Metamath Proof Explorer


Theorem colrot2

Description: Rotating the points defining a line. Part of Theorem 4.11 of Schwabhauser p. 34. (Contributed by Thierry Arnoux, 3-Apr-2019)

Ref Expression
Hypotheses tglngval.p
|- P = ( Base ` G )
tglngval.l
|- L = ( LineG ` G )
tglngval.i
|- I = ( Itv ` G )
tglngval.g
|- ( ph -> G e. TarskiG )
tglngval.x
|- ( ph -> X e. P )
tglngval.y
|- ( ph -> Y e. P )
tgcolg.z
|- ( ph -> Z e.
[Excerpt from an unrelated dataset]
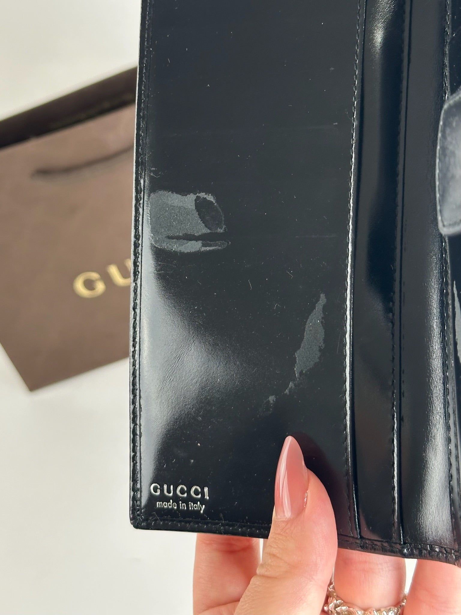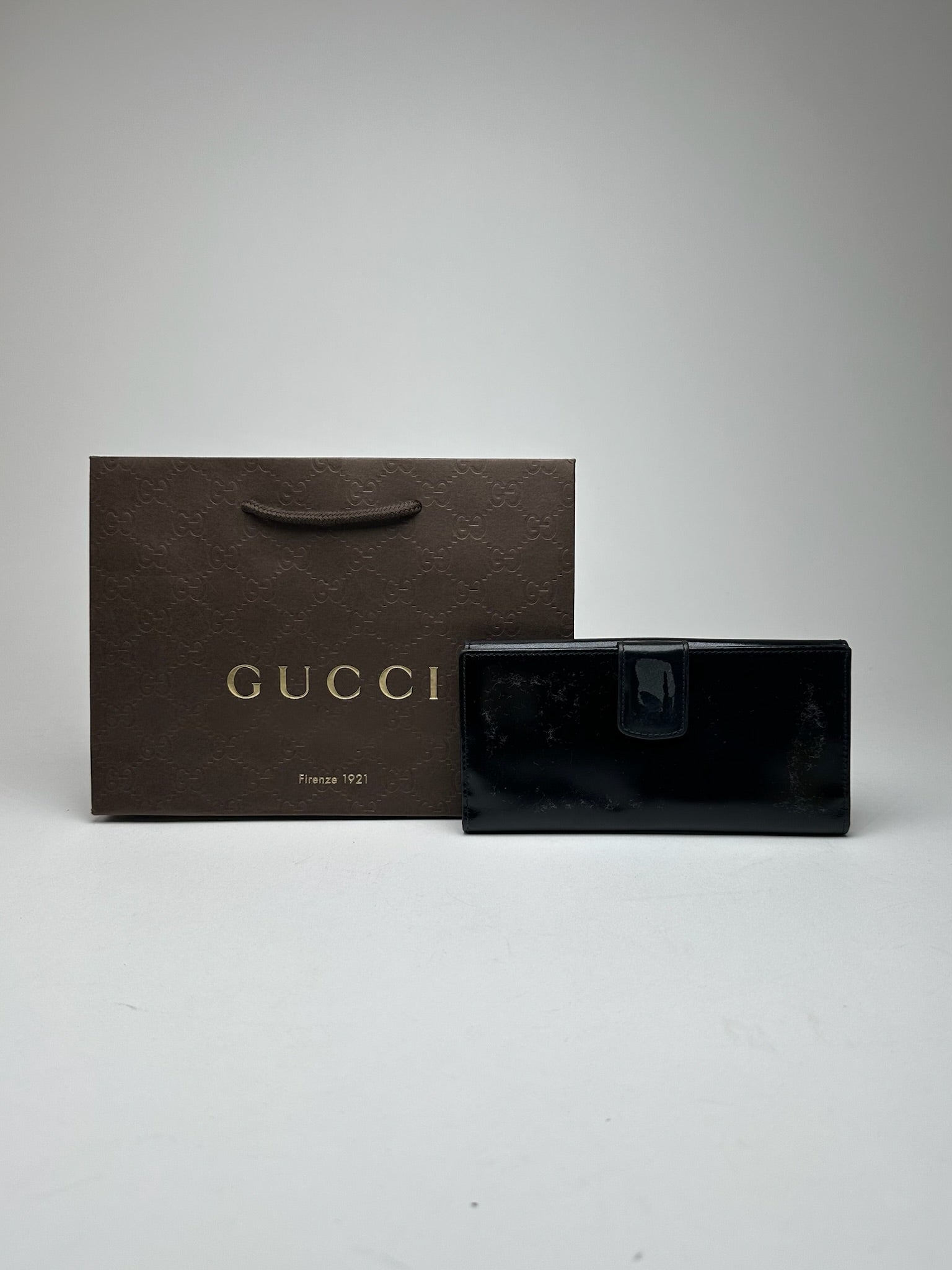 GUCCI Vintage Patent Leather Wallet. This chic wallet is finely crafted of black patent leather with snap closures on both front and back. It features a gold-tone steel strap detail. The interior is finished in matching black patent leather.

P )
colrot
|- ( ph -> ( Z e. ( X L Y ) \/ X = Y ) )
Assertion colrot2
|- ( ph -> ( Y e. ( Z L X ) \/ Z = X ) )

Proof

Step Hyp Ref Expression
1 tglngval.p
 |-  P = ( Base ` G )
2 tglngval.l
 |-  L = ( LineG ` G )
3 tglngval.i
 |-  I = ( Itv ` G )
4 tglngval.g
 |-  ( ph -> G e. TarskiG )
5 tglngval.x
 |-  ( ph -> X e. P )
6 tglngval.y
 |-  ( ph -> Y e. P )
7 tgcolg.z
 |-  ( ph -> Z e. P )
8 colrot
 |-  ( ph -> ( Z e. ( X L Y ) \/ X = Y ) )
9 1 2 3 4 5 6 7 8 colrot1
 |-  ( ph -> ( X e. ( Y L Z ) \/ Y = Z ) )
10 1 2 3 4 6 7 5 9 colrot1
 |-  ( ph -> ( Y e. ( Z L X ) \/ Z = X ) )